The fabric ones seem ok if the kittens aren't too active, with my lot they roll the entire pen, litter tray, cat scratcher and all, across the room at around 4 weeks because they climb the sides and also hang from the roof.

I use a pen like this








Leave the door open so mum can be free if she likes and add a cover to make the door higher as the kittens can easily climb the 15cm to the door at 3-4 weeks.


----------



## Awesome (Jun 13, 2013)

Cosmills said:


> I have email them ... As I really need it to be collapsible , as I don't want it a permanent fit in my hall ...

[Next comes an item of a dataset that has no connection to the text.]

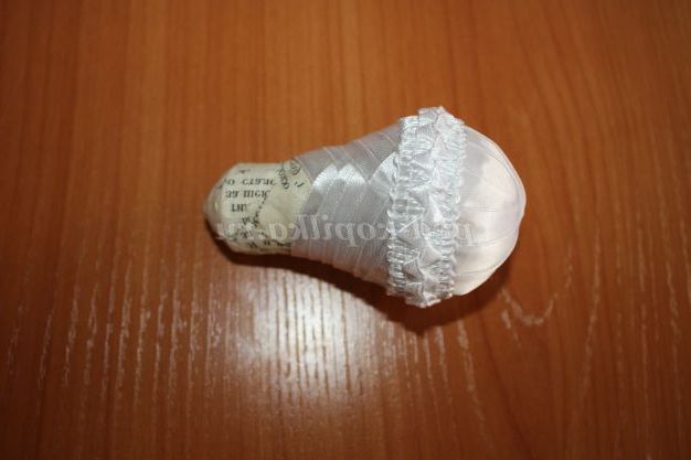 5. Обмотуємо стрічку навколо лампочки, приклеюємо клеєм «Кристал» (фото№3, 4)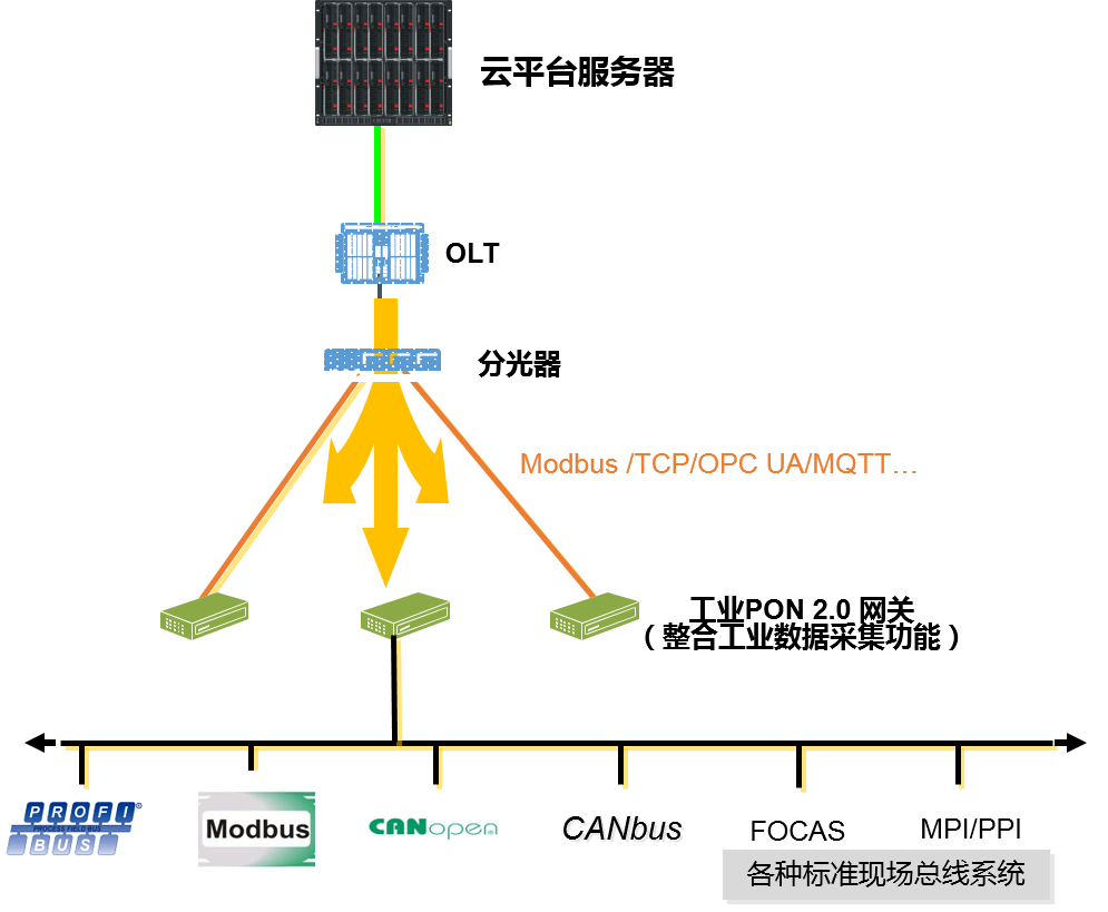 圖2-3 工業PON1.0的網絡拓撲架構示意圖

Hi, We were told about this thread and thought I'd send a quick reply. I haven't had any messages appear but yes, the pens are fully collapsible, they go down into 6 flat panels 

We can make to any size and offer various finishes. All pens are lined with plastic/perspex so they are long lasting, easy to clean and little ones can't climb up the wire and get caught or even worse fall.


----------



## spid (Nov 4, 2008)

Hi *waves* I love your pens and when funds allow will be getting one - love the perspex thing etc.


----------



## Cosmills (Oct 3, 2012)

Awesome said:


> Hi, We were told about this thread and thought I'd send a quick reply. I haven't had any messages appear but yes, the pens are fully collapsible, they go down into 6 flat panels  We can make to any size and offer various finishes. All pens are lined with plastic/perspex so they are long lasting, easy to clean and little ones can't climb up the wire and get caught or even worse fall.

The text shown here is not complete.